DESCRIPTION OF THE TASK
Find the line containing "城市中央会客厅——月亮湖公园" in the records below. Copy exactly that line and each one after it, ending at the line containing "Sergio Rossi is", and nothing more.

RECORDS
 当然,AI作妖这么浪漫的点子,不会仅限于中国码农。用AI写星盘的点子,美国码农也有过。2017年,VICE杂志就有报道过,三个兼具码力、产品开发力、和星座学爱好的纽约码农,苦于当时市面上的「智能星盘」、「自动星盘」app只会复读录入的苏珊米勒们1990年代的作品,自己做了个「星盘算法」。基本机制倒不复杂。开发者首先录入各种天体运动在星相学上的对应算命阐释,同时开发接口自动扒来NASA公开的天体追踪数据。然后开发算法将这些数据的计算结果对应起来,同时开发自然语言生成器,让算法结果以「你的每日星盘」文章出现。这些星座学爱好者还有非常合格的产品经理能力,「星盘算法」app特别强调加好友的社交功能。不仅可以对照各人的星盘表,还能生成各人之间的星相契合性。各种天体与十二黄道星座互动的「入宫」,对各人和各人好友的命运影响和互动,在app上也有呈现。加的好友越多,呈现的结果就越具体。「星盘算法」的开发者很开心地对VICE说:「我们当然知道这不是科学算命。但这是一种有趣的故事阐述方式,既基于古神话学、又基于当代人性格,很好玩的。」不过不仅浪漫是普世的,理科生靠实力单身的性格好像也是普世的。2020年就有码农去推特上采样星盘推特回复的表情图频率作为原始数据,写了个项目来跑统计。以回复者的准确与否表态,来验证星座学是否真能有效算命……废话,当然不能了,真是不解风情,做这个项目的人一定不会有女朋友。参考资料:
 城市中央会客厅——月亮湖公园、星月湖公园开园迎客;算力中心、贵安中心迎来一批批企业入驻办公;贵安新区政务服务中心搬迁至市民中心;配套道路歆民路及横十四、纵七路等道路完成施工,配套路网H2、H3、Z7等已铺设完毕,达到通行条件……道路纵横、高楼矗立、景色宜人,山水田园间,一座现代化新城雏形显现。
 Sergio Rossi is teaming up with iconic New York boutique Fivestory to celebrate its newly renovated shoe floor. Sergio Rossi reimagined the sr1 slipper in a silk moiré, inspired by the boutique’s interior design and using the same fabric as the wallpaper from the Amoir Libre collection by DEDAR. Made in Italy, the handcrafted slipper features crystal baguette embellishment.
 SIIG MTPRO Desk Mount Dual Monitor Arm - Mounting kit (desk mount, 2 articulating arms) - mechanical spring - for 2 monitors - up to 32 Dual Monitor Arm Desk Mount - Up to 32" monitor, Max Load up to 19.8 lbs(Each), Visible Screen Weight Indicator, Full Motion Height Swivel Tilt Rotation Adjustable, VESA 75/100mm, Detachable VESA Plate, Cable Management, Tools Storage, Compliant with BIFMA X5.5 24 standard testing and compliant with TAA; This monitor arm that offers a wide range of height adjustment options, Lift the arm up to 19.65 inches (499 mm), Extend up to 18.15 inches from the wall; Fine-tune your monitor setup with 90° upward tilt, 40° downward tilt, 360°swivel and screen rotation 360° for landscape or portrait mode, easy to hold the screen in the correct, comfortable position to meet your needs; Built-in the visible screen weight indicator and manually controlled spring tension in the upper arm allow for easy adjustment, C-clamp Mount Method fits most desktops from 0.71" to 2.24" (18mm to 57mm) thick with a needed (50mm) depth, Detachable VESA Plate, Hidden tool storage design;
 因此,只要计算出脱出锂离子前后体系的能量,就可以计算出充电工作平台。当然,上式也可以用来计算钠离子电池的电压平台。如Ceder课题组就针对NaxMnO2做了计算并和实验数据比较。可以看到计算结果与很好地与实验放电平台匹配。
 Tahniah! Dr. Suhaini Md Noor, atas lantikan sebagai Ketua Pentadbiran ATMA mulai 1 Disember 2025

---

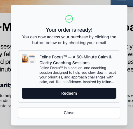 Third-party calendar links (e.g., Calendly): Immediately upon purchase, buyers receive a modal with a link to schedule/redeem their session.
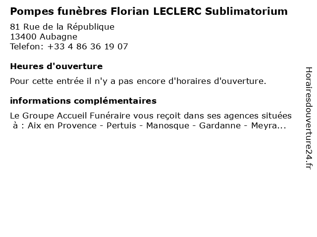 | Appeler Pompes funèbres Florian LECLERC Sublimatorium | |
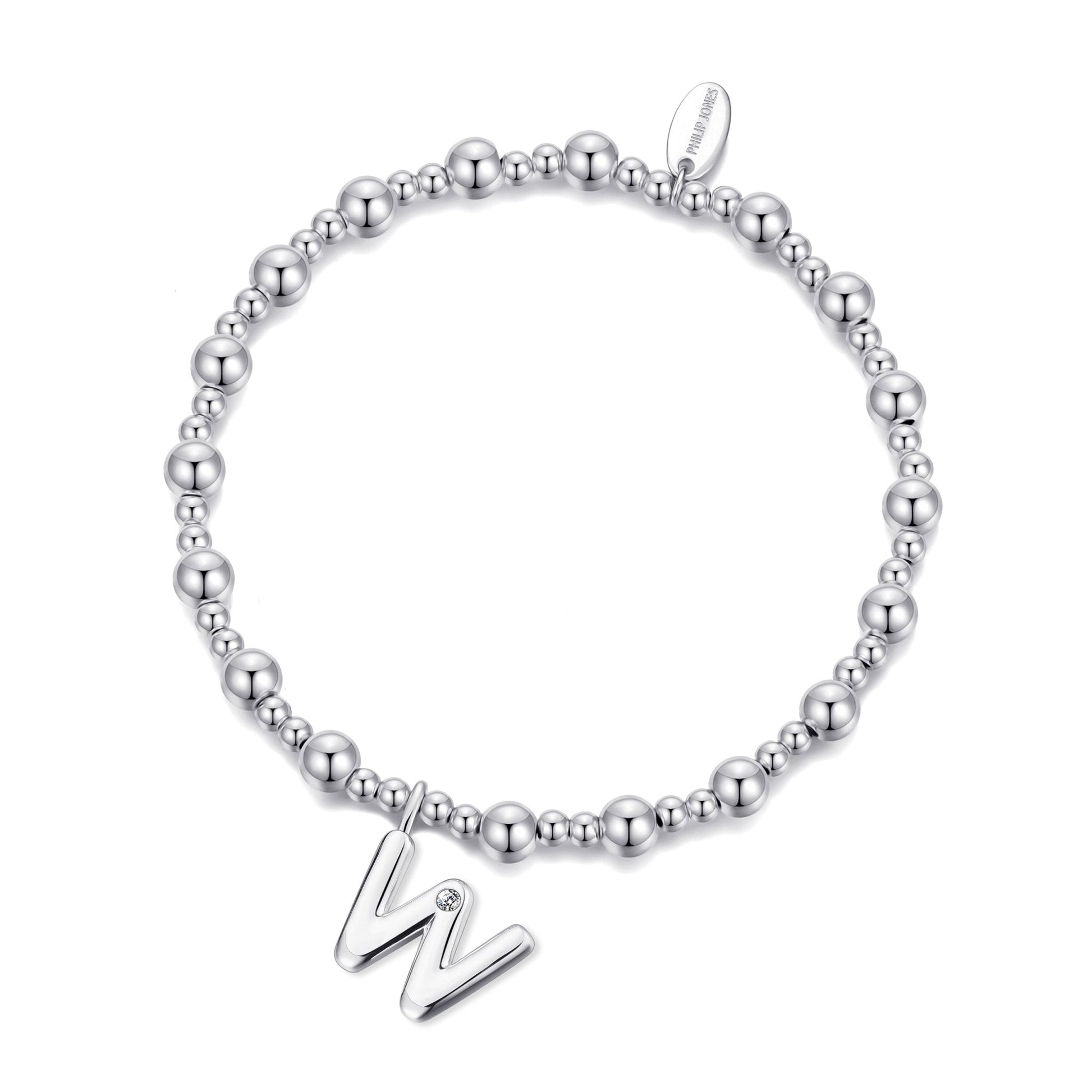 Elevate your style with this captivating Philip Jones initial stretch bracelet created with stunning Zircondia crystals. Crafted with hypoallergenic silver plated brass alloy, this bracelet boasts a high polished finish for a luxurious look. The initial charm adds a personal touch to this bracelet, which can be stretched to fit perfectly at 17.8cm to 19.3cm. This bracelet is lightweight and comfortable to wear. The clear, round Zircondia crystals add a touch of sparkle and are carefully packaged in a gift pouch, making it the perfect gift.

REPLY TO THE EXERCISE
 城市中央会客厅——月亮湖公园、星月湖公园开园迎客;算力中心、贵安中心迎来一批批企业入驻办公;贵安新区政务服务中心搬迁至市民中心;配套道路歆民路及横十四、纵七路等道路完成施工,配套路网H2、H3、Z7等已铺设完毕,达到通行条件……道路纵横、高楼矗立、景色宜人,山水田园间,一座现代化新城雏形显现。
 Sergio Rossi is teaming up with iconic New York boutique Fivestory to celebrate its newly renovated shoe floor. Sergio Rossi reimagined the sr1 slipper in a silk moiré, inspired by the boutique’s interior design and using the same fabric as the wallpaper from the Amoir Libre collection by DEDAR. Made in Italy, the handcrafted slipper features crystal baguette embellishment.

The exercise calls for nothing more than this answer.